## File I/O Revisited


### Data processing

Often it is useful to store datasets in Numpy arrays. Numpy provides a number of functions to calculate statistics of datasets in arrays.

For example, let's calculate some properties from the Stockholm temperature dataset used above.

http://bolin.su.se/data/stockholm/homogenized_daily_mean_temperatures.php

To download the data, click [here](http://bolin.su.se/data/stockholm/files/stockholm-historical-weather-observations-ver-1.0.2016/temperature/daily/stockholm_daily_mean_temperature_1756_2016.txt)

In [None]:
import matplotlib.pyplot as plt
import numpy as np
%matplotlib inline

#store data from dat format to 'data' variable
data = np.genfromtxt('Data/stockholm_daily_mean_temperature_1756_2017.txt')

In [None]:
#96594 rows and 7 columns
data.shape

In [None]:
print(data)

### To understand the data and what its columns represent to, you can always check the website that published that dataset

https://bolin.su.se/data/stockholm-thematic/files/stockholm-historical-weather-observations-2017/temperature/daily/README_stockholm_daily_mean_temperature.txt

|column	 |	data|
|--------|-------|
|1-3     |     Year, month, day|
|4       |    Daily average temperature according to observations.
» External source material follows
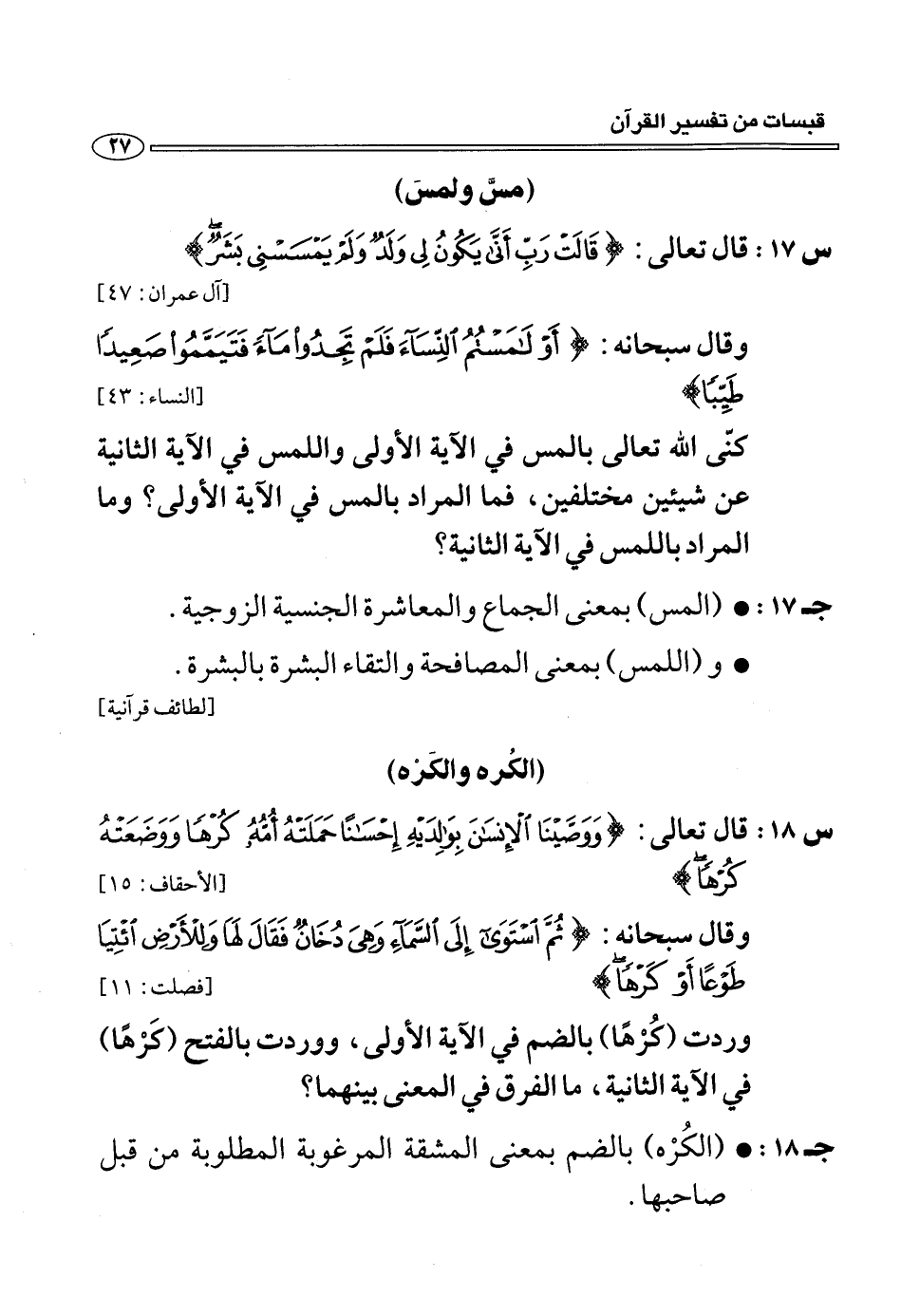 (س 17:) قال تعالى: قالَتْ رَبِّ أَنَّى يَكُونُ لِي وَلَدٌ وَلَمْ يَمْسَسْنِي بَشَرٌ [آل عمران: 47] وقال سبحانه: أَوْ لامَسْتُمُ النِّساءَ فَلَمْ تَجِدُوا ماءً فَتَيَمَّمُوا صَعِيداً طَيِّباً [النساء: 43] كنّى الله تعالى بالمس في الآية الأولى واللمس في الآية الثانية عن شيئين مختلفين، فما المراد بالمس في الآية الأولى؟ وما المراد باللمس في الآية الثانية؟

Unit: C, Missing values: -999.0|
|5       |     Daily average temperature after homogenization and with gaps filled in using data from Uppsala. (see Moberg et al. 2002)|
|6       |     Daily average temperatures after adjustment before September 1858 for a supposed warm bias of May-August temperatures. (see Moberg et al. 2003)|
|7       |     Data id no. meaning data from: 1=Stockholm 2=Uppsala (ajusted to represent Stockholm) 3=Stockholm, automatic station (used from 2013 onwards)|


#### Another example
* a popular data analysis / competition website with a lot of datasets: https://www.kaggle.com/datasets


In [None]:
#visualize the data

### Creating time series data (for x-axis)
# year
print(data[:,0])

# month
print(data[:,1]/12.0)

# day
print(data[:,2]/365)

# combined year,month,day into float number (1st Jan 1700 = 1/365 + 1/12 + 1700 = 1700.0861)
print(data[:,0]+data[:,1]/12.0+data[:,2]/365)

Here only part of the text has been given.